Core Clause 16.1 does not expressly require the contractor to compensate the project manager for their review costs. However, this is likely to be negotiated with the project manager and the client, and a contractor may be required to bear the cost as it is required to do under ACC VII:2.
Where a contractor is required or obliged to compensate the project manager’s cost for reviewing the proposal, the contractor may be able to limit exposure by negotiating and agreeing a fixed lump sum fee or a fixed percentage of fees dependent on the expected cost saving of the proposal.
In principle, a proposal with the primary objective of accelerating or mitigating delay, without involving any reduction of construction cost, should be submitted under Core Clause 36.
Where the proposal involves a reduction in construction costs but also reduces construction time or enhances productivity, such savings can also be considered in a CSDP under ACC VII:2 and a CP under Core Clause 16.1, subject to the comments above regarding sub-clause 16.1A. Although not expressly provided for, a CP can, in theory, include a reduction in construction time or improvement in efficiency as a consequence of the implementation of the proposal.

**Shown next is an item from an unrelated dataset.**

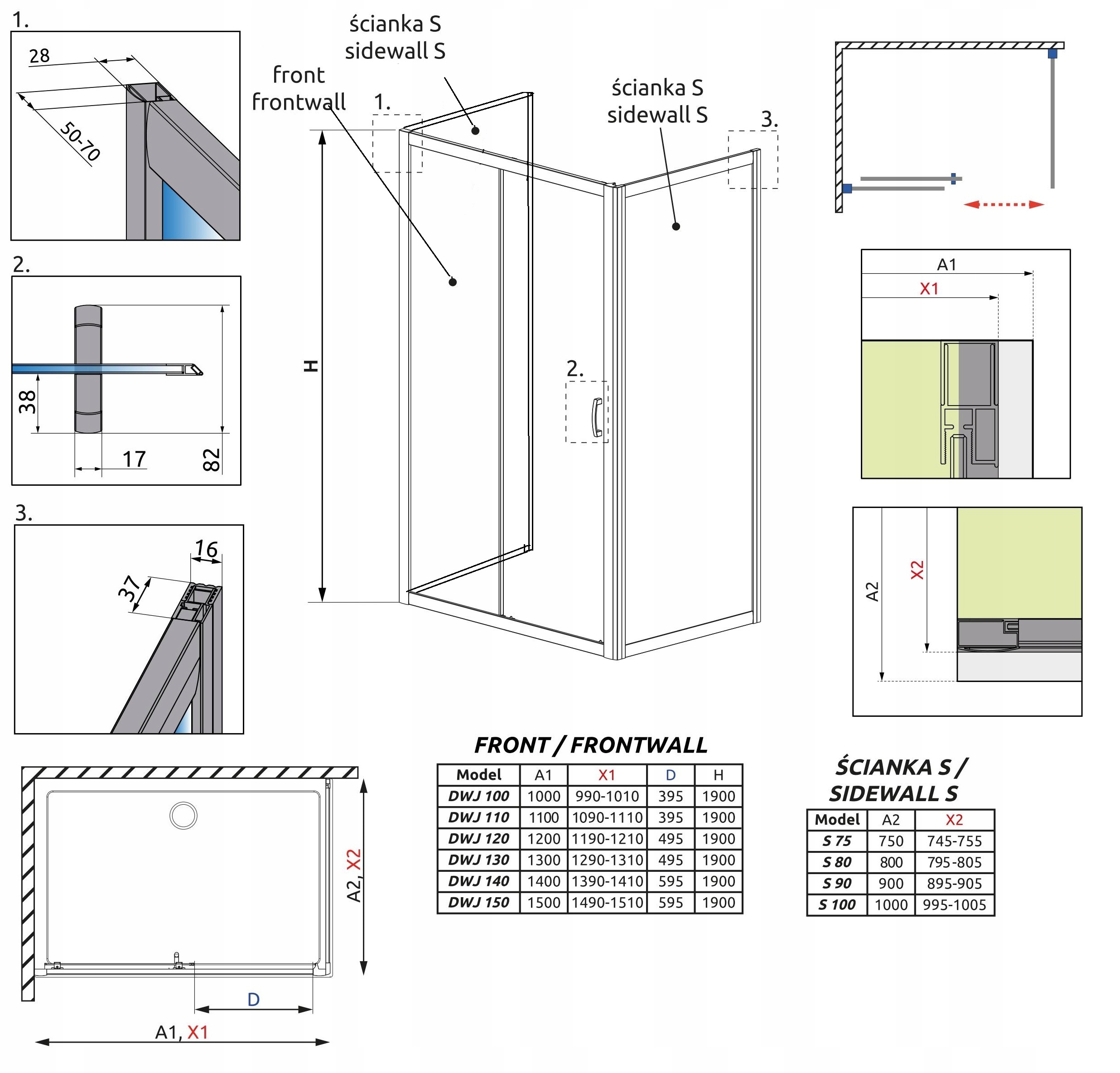 - Стекло безопасное закаленное, толщина 5/6 мм (неподвижные части 5 мм, подвижные части 6 мм)
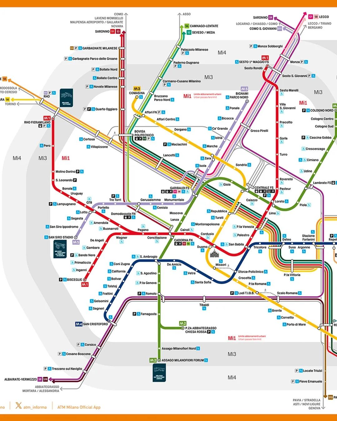 Milan’s public transport network is extensive, efficient and one of the easiest ways to explore the city and reach Olympic venues, neighborhoods and major attractions. The system is run by ATM (Azienda Trasporti Milanesi) and includes metro lines (M1 red, M2 green, M3 yellow, M4 blue, M5 purple), a dense network of buses, trams and trolleybuses, and the suburban rail system including the Passante and S lines. All these services connect central Milan with surrounding areas and important locations like Rho Fiera and Assago.

Both Core Clause 16 and ACC VII:2 expressly provide a timeframe for the project manager to make a decision regarding the CP or the CSDP or request further information for the CP.
The nature and scope of the proposed cost-saving proposal may mean that the project manager cannot decide within the stated period. Nevertheless, the mechanism for requesting further information under Core Clause 16 or to request a contractor agrees to extend the timeline under ACC VII:2 should not be used to delay the decision-making process.